Return the lines of the data below starting at the one holding "Bottom – five" and ending at the one holding "今季の関東学生アメリカンフッ", word for word, leaving every picture out.

### DATA PROVIDED
──────
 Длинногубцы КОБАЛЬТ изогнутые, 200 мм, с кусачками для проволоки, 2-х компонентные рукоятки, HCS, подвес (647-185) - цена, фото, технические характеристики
──────
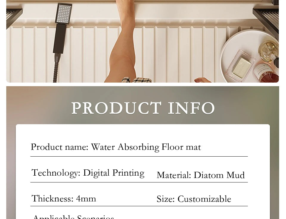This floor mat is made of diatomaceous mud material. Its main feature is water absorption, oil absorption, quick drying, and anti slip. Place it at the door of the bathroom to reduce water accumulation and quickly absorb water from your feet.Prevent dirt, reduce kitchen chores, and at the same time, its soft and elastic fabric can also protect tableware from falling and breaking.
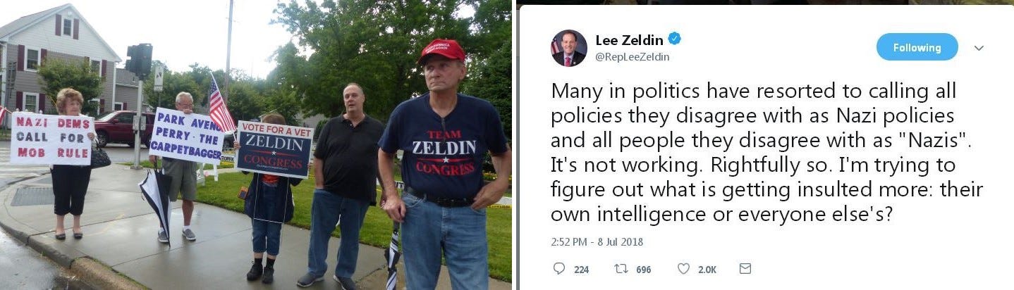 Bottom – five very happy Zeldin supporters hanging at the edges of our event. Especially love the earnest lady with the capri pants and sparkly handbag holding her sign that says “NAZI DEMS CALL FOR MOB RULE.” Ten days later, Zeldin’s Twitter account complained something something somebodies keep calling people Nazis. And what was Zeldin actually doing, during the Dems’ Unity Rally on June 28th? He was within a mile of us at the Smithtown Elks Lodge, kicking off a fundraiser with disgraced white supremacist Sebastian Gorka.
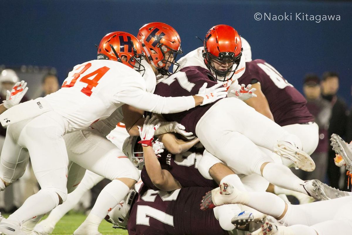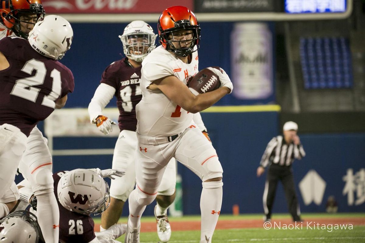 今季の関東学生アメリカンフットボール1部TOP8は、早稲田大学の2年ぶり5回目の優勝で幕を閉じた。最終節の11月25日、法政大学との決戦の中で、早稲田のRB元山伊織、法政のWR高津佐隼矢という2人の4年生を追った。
──────
### RESPONSE BELOW
 Bottom – five very happy Zeldin supporters hanging at the edges of our event. Especially love the earnest lady with the capri pants and sparkly handbag holding her sign that says “NAZI DEMS CALL FOR MOB RULE.” Ten days later, Zeldin’s Twitter account complained something something somebodies keep calling people Nazis. And what was Zeldin actually doing, during the Dems’ Unity Rally on June 28th? He was within a mile of us at the Smithtown Elks Lodge, kicking off a fundraiser with disgraced white supremacist Sebastian Gorka.
 今季の関東学生アメリカンフットボール1部TOP8は、早稲田大学の2年ぶり5回目の優勝で幕を閉じた。最終節の11月25日、法政大学との決戦の中で、早稲田のRB元山伊織、法政のWR高津佐隼矢という2人の4年生を追った。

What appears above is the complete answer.